- _What to work on_: Transcribe the records below exactly as they appear, omitting any pictures.
Data for processing Block Start
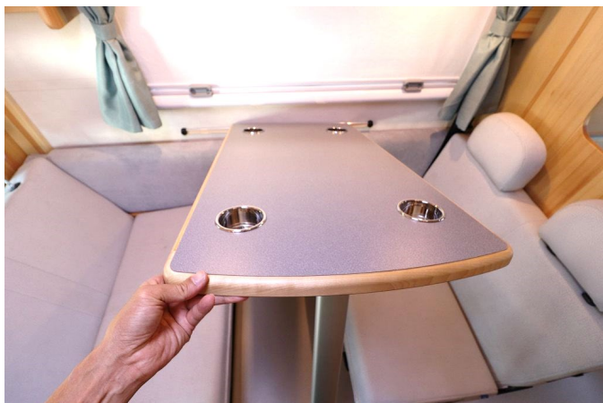
テーブルの手前を上げて外します
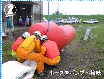
ホースをポンプへ接続
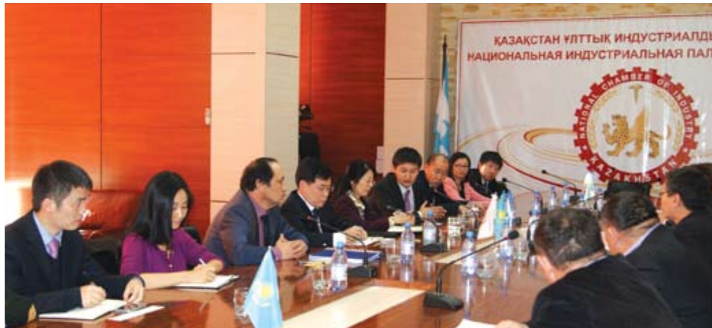
Обсуждение вопросов казахстанско-китайского сотрудничества в сфере поддержки МСБ. 20 июня 2014 г.

Как указывается в литературе, в целях стимулирования развития МСП в Японии в 1963 г. был принят «Основной Закон о малых и
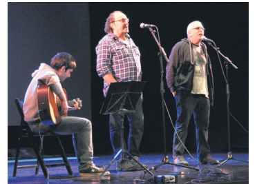
Lizardi eta Labaka, bertsotan. TXINTXARRI

Hitzordua etzi izango da, hilak 3, 18:00etan, kultur etxeko auditorioan. Sarrera doakoa izango dela jakinarazi dute antolatzaileek.
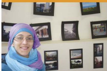
Nora El Haddad, Club Photographie

Il en résulte dans tous les cas une expérience unique et formatrice.
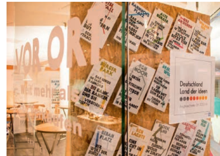
Für jeden sichtbar: Deutschlands Zukunftsmacher
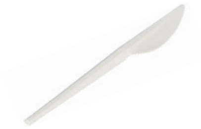
1VP224 COLTELLO C-PLA 4,5 gr dimensioni size 16,5 cm pz/conf pcs/pack 50 pz/cart pcs/box 1000
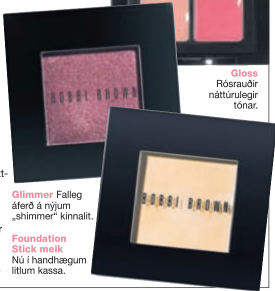
Glimmer Falleg áferð á nýjum „shimmer“ kinnalit.
Data for processing Block End
- _Written answer_:
テーブルの手前を上げて外します
ホースをポンプへ接続
Обсуждение вопросов казахстанско-китайского сотрудничества в сфере поддержки МСБ. 20 июня 2014 г.

Как указывается в литературе, в целях стимулирования развития МСП в Японии в 1963 г. был принят «Основной Закон о малых и
Lizardi eta Labaka, bertsotan. TXINTXARRI

Hitzordua etzi izango da, hilak 3, 18:00etan, kultur etxeko auditorioan. Sarrera doakoa izango dela jakinarazi dute antolatzaileek.
Nora El Haddad, Club Photographie

Il en résulte dans tous les cas une expérience unique et formatrice.
Für jeden sichtbar: Deutschlands Zukunftsmacher
1VP224 COLTELLO C-PLA 4,5 gr dimensioni size 16,5 cm pz/conf pcs/pack 50 pz/cart pcs/box 1000
Glimmer Falleg áferð á nýjum „shimmer“ kinnalit.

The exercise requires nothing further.